First of all, how fun is it to say boo yeah? One of my favorites...I cannot tell a lie.

Secondly and really most importantly, I completed my first two mile run today. The good news is I finished all of it and didn't walk at all! I mapped out my route last night and basically ran a straight shot all the way down to the ocean. The route had a slight decline for a lot of it, but what I want to focus on is that I finished and I didn't stop at all.

My breathing felt pretty good today. I'm not overly concerned about my pace right now. I figure why worry about too many things right now? For me, all I want is to complete the required mileage. I have a week between my next two mile run and I'm already looking forward to it. That's a great sign, right?
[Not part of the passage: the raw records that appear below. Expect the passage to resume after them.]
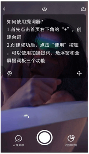 3、拍摄提词开启Ai智能语音即可体验台词跟着语速走,还有美颜效果自动调节美白与磨皮效果,视频比例设置(橫竖屏等)。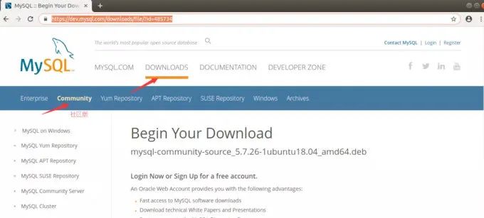 数据库的官网。里面有各种版本,MySQL5.5,MySQL5.6,MySQL5.7,MySQL8.0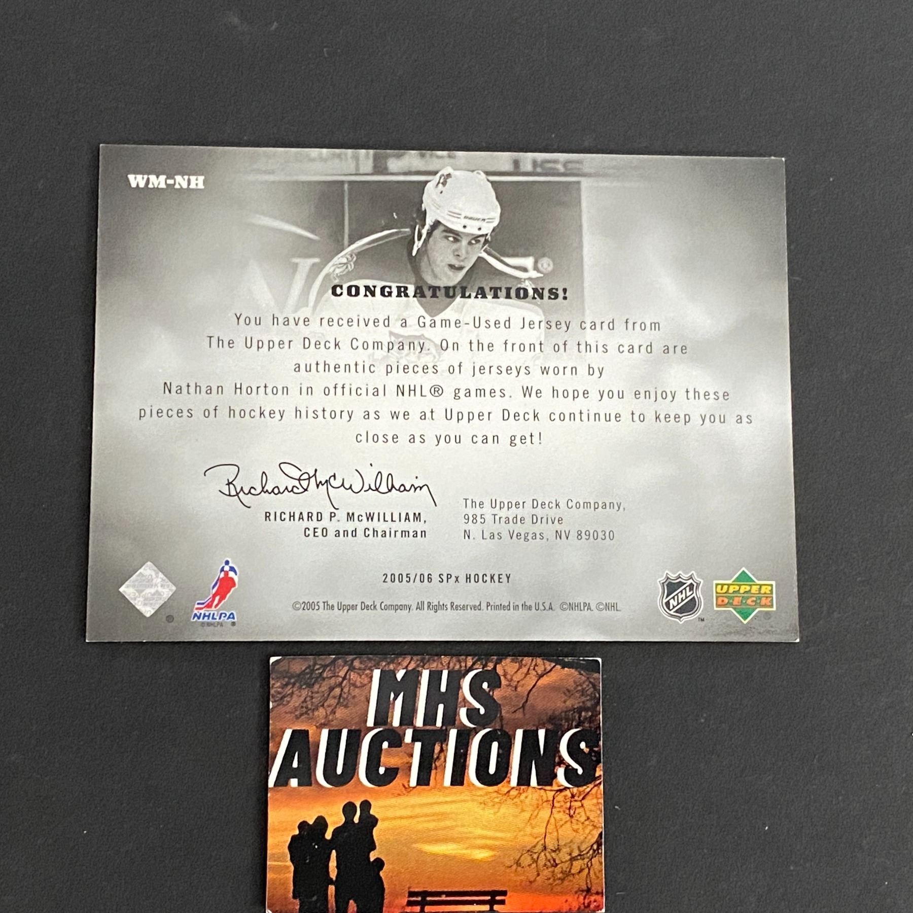 NATHAN HORTON 2005-06 SPX DUAL JERSEY HOCKEY CARD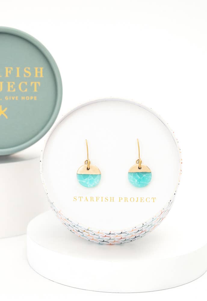 The gorgeous aqua blue stone dipped in 14K plated gold is just the refreshing pop of color to finish any look from daytime to date night. Your purchase of our modest-sized Refresh Earrings helps survivors of human trafficking and exploitation begin a new life of freedom! Box size and color may vary.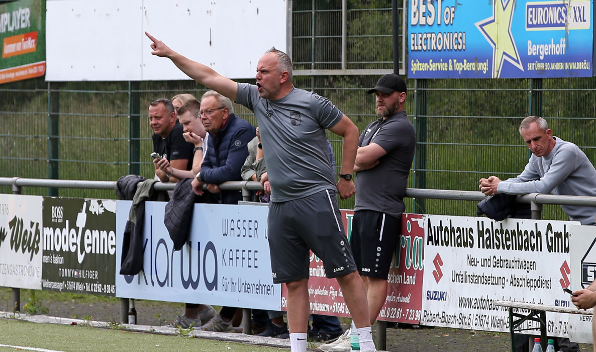 Beim Sparkassen-Cup unterlag man dem B-Ligisten TuS Weiershagen, im Kreispokal schied man gegen den A-Ligisten VfR Wipperfürth aus. Der Landesliga-Spielplan versprach zudem keine Gelegenheit für einen Motivationsschub. Mit den Topteams Borussia Lindenthal-Hohenlind und SSV Bornheim standen gleich zwei Kracher im Programm und – wie Mühlmann bereits einkalkulierte – die Wiehler gingen als Tabellenletzter punktlos in den dritten Spieltag. Unruhe kam dennoch nicht auf. „Es ist so gekommen, wie wir es prognostiziert haben. Wir standen nach den zwei Niederlagen sofort unter Druck, aber wir waren darauf vorbereitet. Der Fokus war immer nach unten gerichtet“, sagt Mühlmann.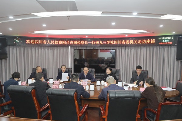 10月20日上午,四川省人民檢察院黨組成員、副檢察長(zhǎng)呂杰一行來(lái)九三學(xué)社四川省委走訪座談,通報(bào)省檢察院今年以來(lái)主要工作情況,并征求意見建議。九三學(xué)社四川省委專職副主委、省政協(xié)副秘書長(zhǎng)陳雩楨出席會(huì)議并講話,九三學(xué)社四川省委秘書長(zhǎng)丁武主持會(huì)議。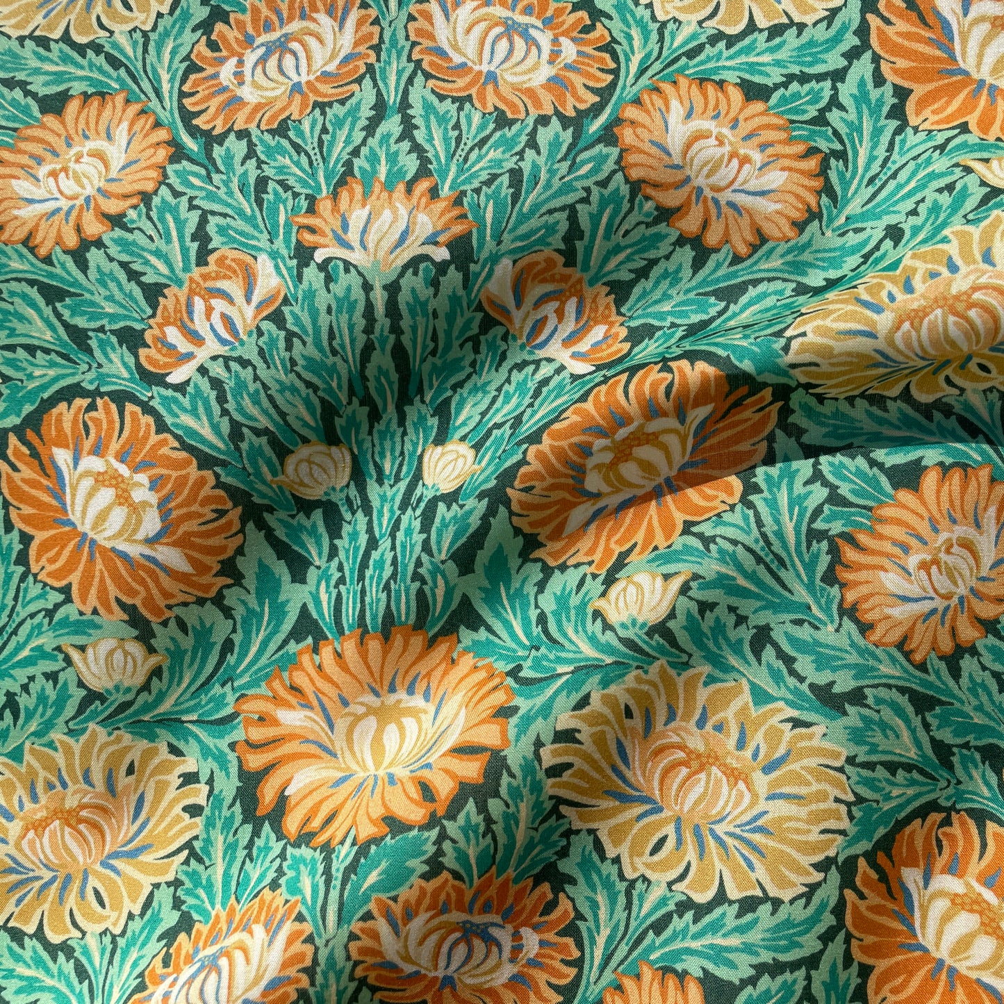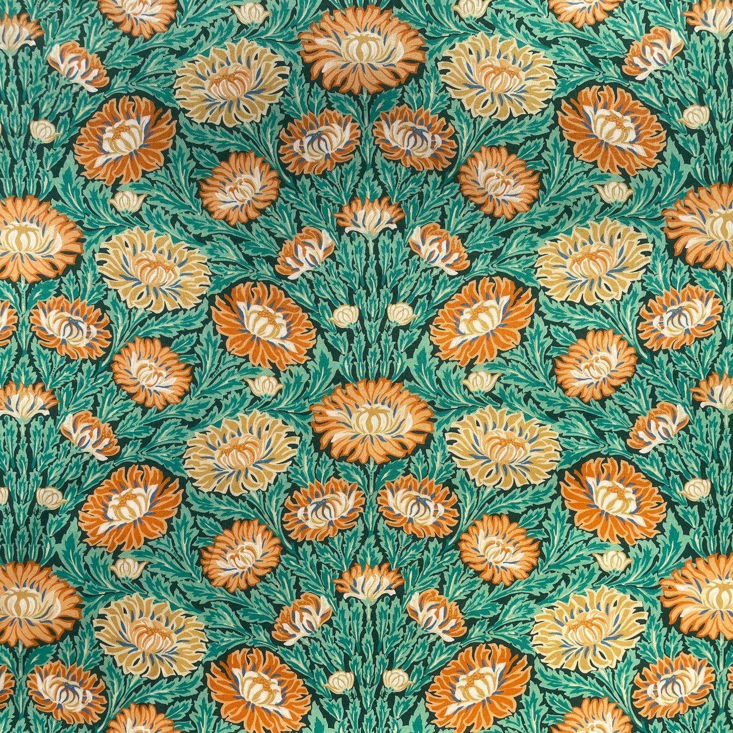 Created in 1991 in the style of an Art Nouveau floral, this luxurious pattern boasts a flourishing flow of synchronised chrysanthemums. Originally printed for Liberty as a furnishing fabric, Cynthia Nouveau has been reimagined into a richly hued botanical, exuding timeless sophistication and elegance.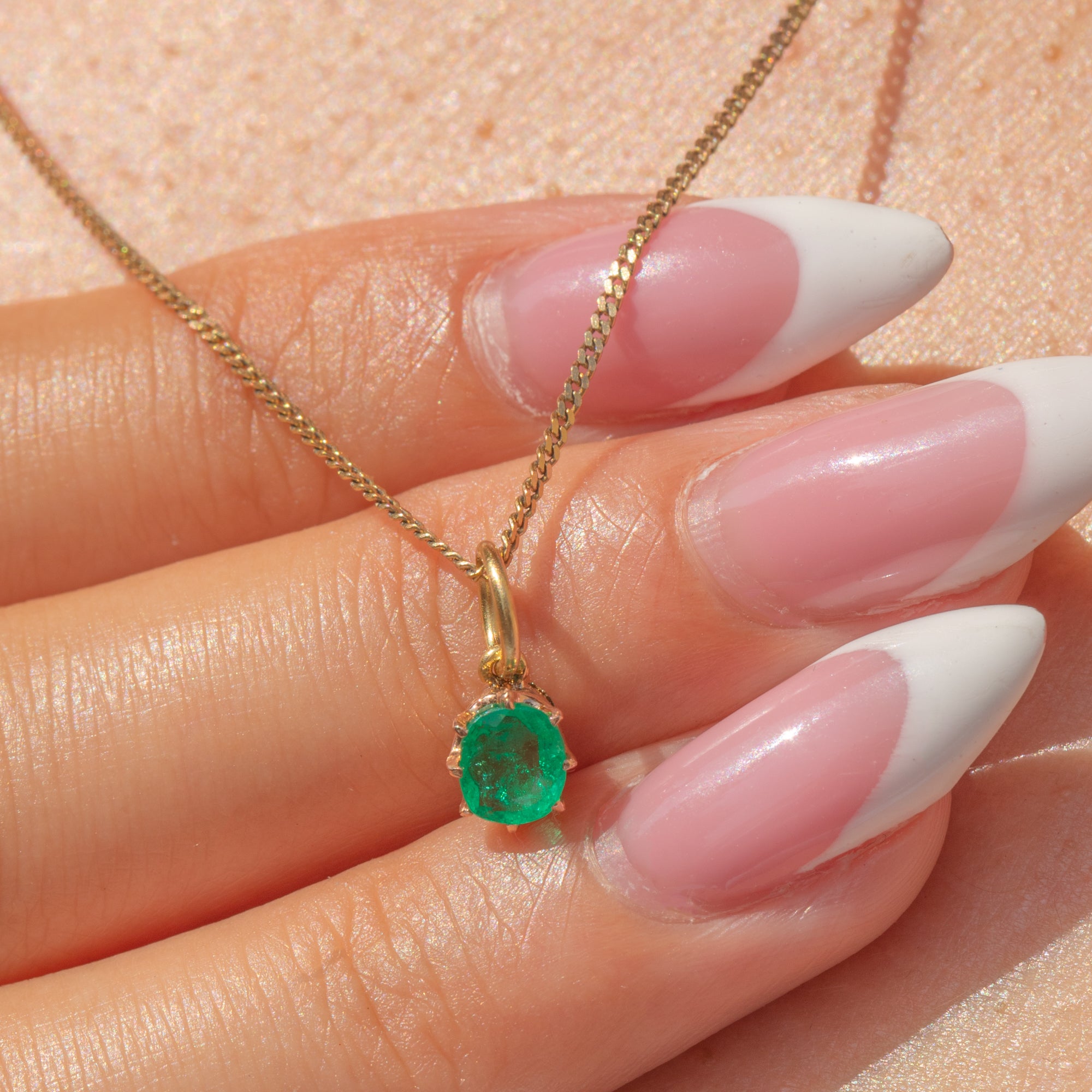 EXCELLENT: The Emerald is secure and displays bright, even colour. The Gold claw setting is in excellent condition, and the charm has been well preserved.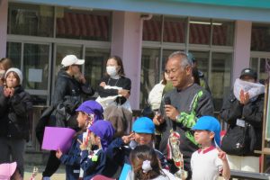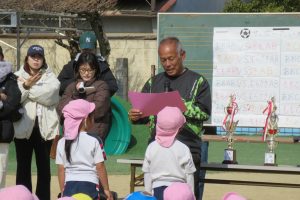 トロフィーと賞状を代表のお友だちがもらい、
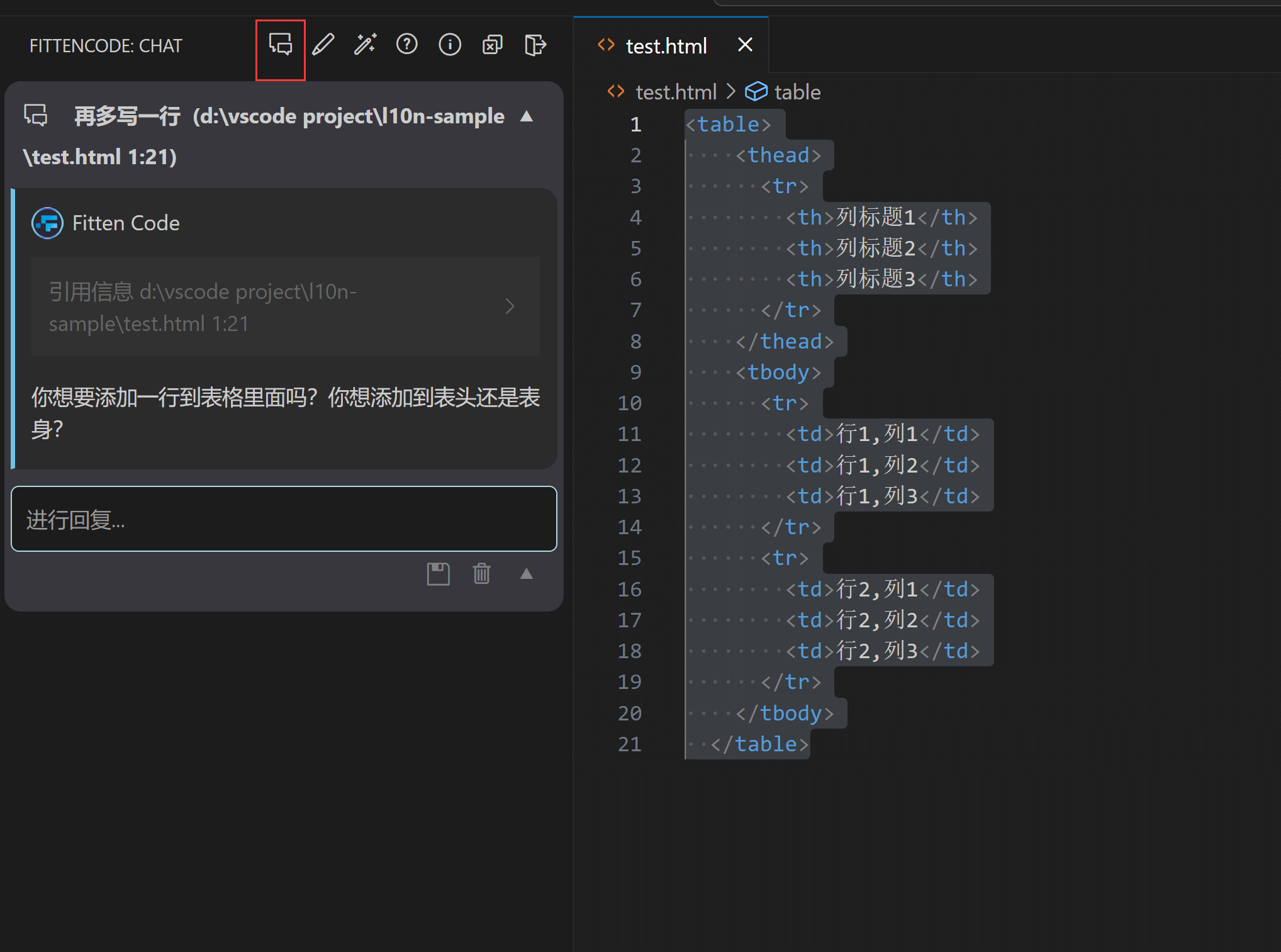 当用户选中文件中的代码段再进行对话时,Fitten Code 会自动引用用户所选中的代码段,此时可直接针对该代码段进行问询等操作: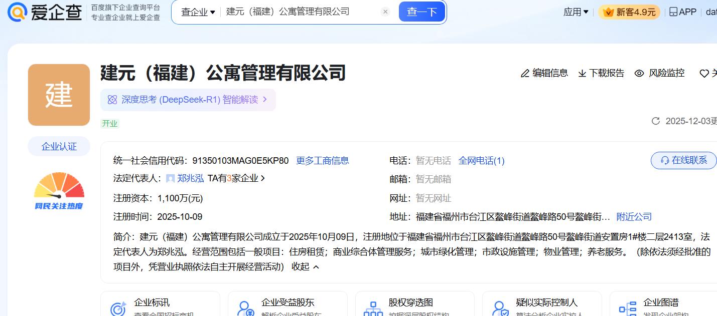 爱企查平台显示,建元(福建)公寓管理有限公司成立于2025年10月09日,注册地位于福建省福州市台江区鳌峰街道鳌峰路50号鳌峰街道安置房1#楼二层2413室,法定代表人为郑兆泓。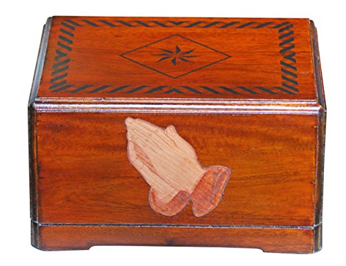 - This urn features cherry wood praying hands onlay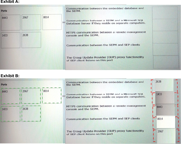Match the following list of ports used by Symantec Endpoint Protection (SCP) to the defining characteristics by clicking and dragging the port on the left to the corresponding description on the right.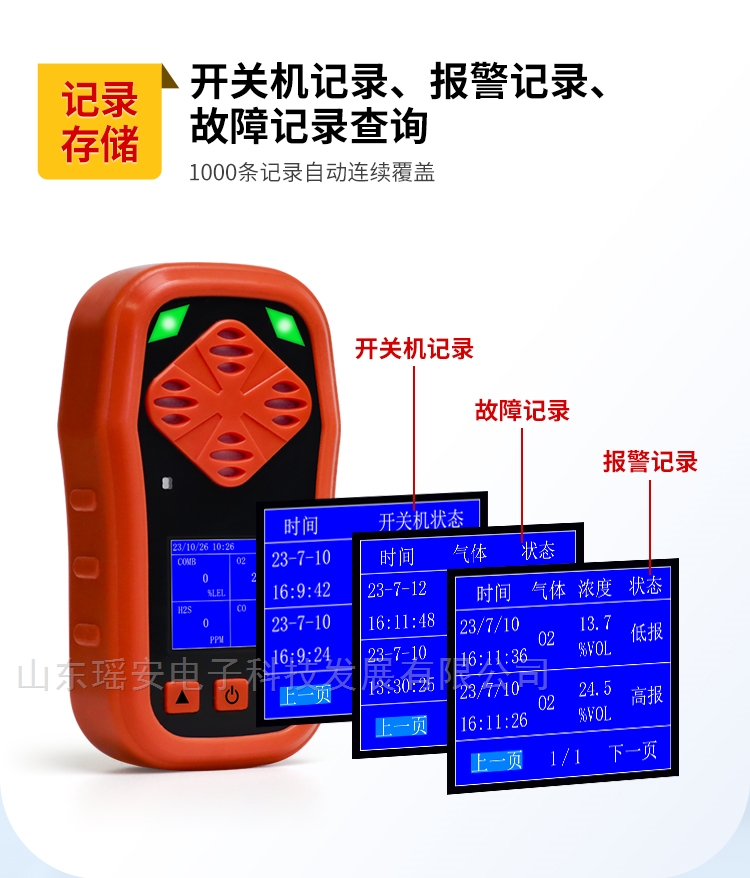 5.记录存储 开关机记录、报警记录和故障记录查询功能,最多可存储1000条记录

The schedule is feeling good but I have to be honest and say that my stupid shins are feeling a little touchy at the beginning and after my runs. I came home today and put ice on them right away. I'll take some Advil tonight and I'll continue to do both of those things. I have two days off until my next run (only a mile). Wait...did I just write only a mile? Ha. Anyway, I was saying, I'm on it. I'm taking care of myself the best what that I can without stopping running all together. I really don't want to have to stop running because of stupid shin splints, so I will monitor this closely and do what I can to try and ward these things off.

Tomorrow I'm going down to see the 3-Day in San Diego. It'll be the first (and only and last) event I see this year and I'm really anxious to see some of my co-workers and to see the event. It always inspires and moves me to see so many people putting themselves through such a difficult physical challenge all to make life easier for people who have been personally touched by (breast) cancer. It's always a good wake-up call to see how easy we have it.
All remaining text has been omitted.